Słynny najazd niedźwiedzi na Sycylię (2019)

Reż. Lorenzo Mattotti

Małgorzata Bazan, Maciej Dowgiel

Maciek: wielką przyjemność sprawiło mi obejrzenie Słynnego najazdu niedźwiedzi na Sycylię. Pewnie dlatego, że historia opowiedziana w filmie ciekawie koresponduje z naszą ulubioną rodzinną lekturą Mój tato jest niedźwiedziem autorstwa Nicoli Connelly. W jednej i drugiej opowieści ojcowie są misiami, które nad życie kochają swoje młode. Jednak, jeżeli przyjrzeć się tym tekstom kultury nieco bliżej, okaże się, że nie są to jedynie bajki dla dzieci i bycie misiem może stać się świetnie przemawiającą metaforą, za która kryją się ludzkie zachowania i relacje. Niedźwiedzie stosunki w tym przypadku nawiązują się pomiędzy ojcami i synami. Kiedy potomkowie — nieważne, czy owłosieni i dzicy, czy też delikatni i od maleńkości uczeni kultury — przychodzą na świat, buduje się rodzaj pewnej tajemniczej więzi, opartej na wzajemnym zaufaniu, trosce i pragnieniu szczęścia. Stare niedźwiedzie opiekują się młodymi, pokazują im świat, uczą podstawowych, a później coraz bardziej skomplikowanych czynności. Cieszą się z sukcesów, choćby tych najmniejszych – ze złapanego wspólnie łososia lub złożenia kolorowej matrioszki. Uczą się od siebie nawzajem. W przypadku istot dwunożnych edukacja ta przebiega w dwie strony — ojciec uczy syna zachowań zgodnych z kulturą, syn uczy ojca patrzeć na świat spojrzeniem nieskażonym jeszcze do końca przez jej dominujący pryzmat. Dorośli mężczyźni uczą się zatem od nowa słuchać śpiewu ptaków, cieszyć się zielenią trawy czy dotykiem miękkiej sierści psa. U niedźwiedzi proces ten jest zapewne prostszy. Nie ma bowiem mowy o czynniku kulturowym, a więc w pewien sposób ograniczającym dziką miłość i przywiązanie. Są za to inne wyzwania. Trzeba nauczyć się zdobywać pożywienie czy zapadać w zimowy sen. Choć z drugiej strony… ludzcy ojcowie też przecież udają się ze swymi pociechami na polowanie (do lodówki, do sklepu) i pokazują, co prawdziwi mężczyźni lubią robić najbardziej (zapadać w drzemkę). W zasadzie podobieństw jest więcej niż różnic.

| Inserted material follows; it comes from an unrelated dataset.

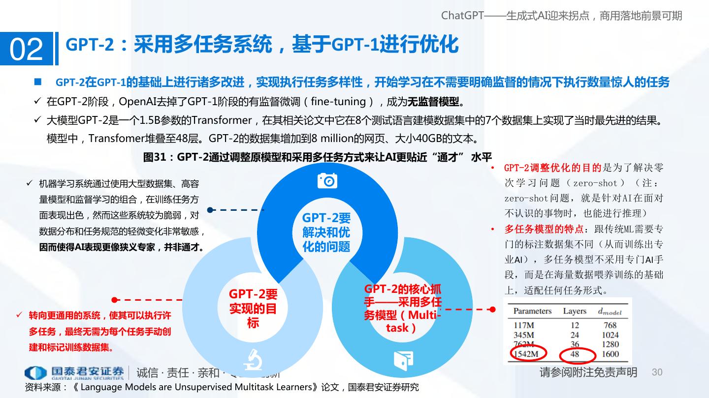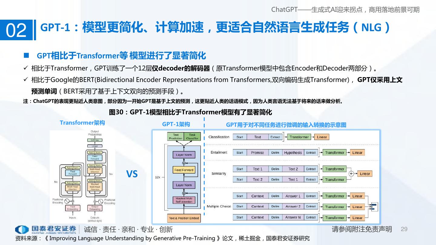 29 . ChatGPT——生成式AI迎来拐点,商用落地前景可期 02 GPT-1:模型更简化、计算加速,更适合自然语言生成任务(NLG) GPT相比于Transformer等 模型进行了显著简化 相比于Transformer,GPT训练了一个12层仅decoder的解码器(原Transformer模型中包含Encoder和Decoder两部分)。 相比于Google的BERT(Bidirectional Encoder Representations from Transformers,双向编码生成Transformer), GPT仅采用上文 预测单词(BERT采用了基于上下文双向的预测手段)。 注:ChatGPT的表现更贴近人类意图,部分因为一开始GPT是基于上文的预测,这更贴近人类的话语模式,因为人类言语无法基于将来的话来做分析。 图30:GPT-1模型相比于Transformer模型有了显著简化 Transformer架构 GPT-1架构 GPT用于对不同任务进行微调的输入转换的示意图 VS 诚信 · 责任 · 亲和 · 专业 · 创新 请参阅附注免责声明 29 资料来源:《 Improving Language Understanding by Generative Pre-Training 》论文,稀土掘金,国泰君安证券研究

Kiedy syn rośnie, pojawia się pokusa ukształtowania go na swoje podobieństwo. Wpojenia mu pewnego systemu wartości. Konieczne jest także przystosowanie do wymogów konkretnej kultury, bolesnego w niej zanurzenia. Młodzi walczą jednak z całych sił i starają się za wszelką cenę, aby owa kultura nie odebrała im dziecięcego szczęścia. Niedźwiedzie odbywają wspólne kąpiele, zapuszczają się coraz dalej w las, a ludzkie dzieci postanawiają w końcu nauczyć się czytać, pisać i korzystać z toalety. Ojciec staje się swego rodzaju mentorem, przewodnikiem po tajemniczym świecie. Wówczas relacja przekształca się w prawdziwą niedźwiedzią przyjaźń. I znów ogromną rolę odgrywa zaufanie, przywiązanie i… naiwna wiara, że tata wie najlepiej.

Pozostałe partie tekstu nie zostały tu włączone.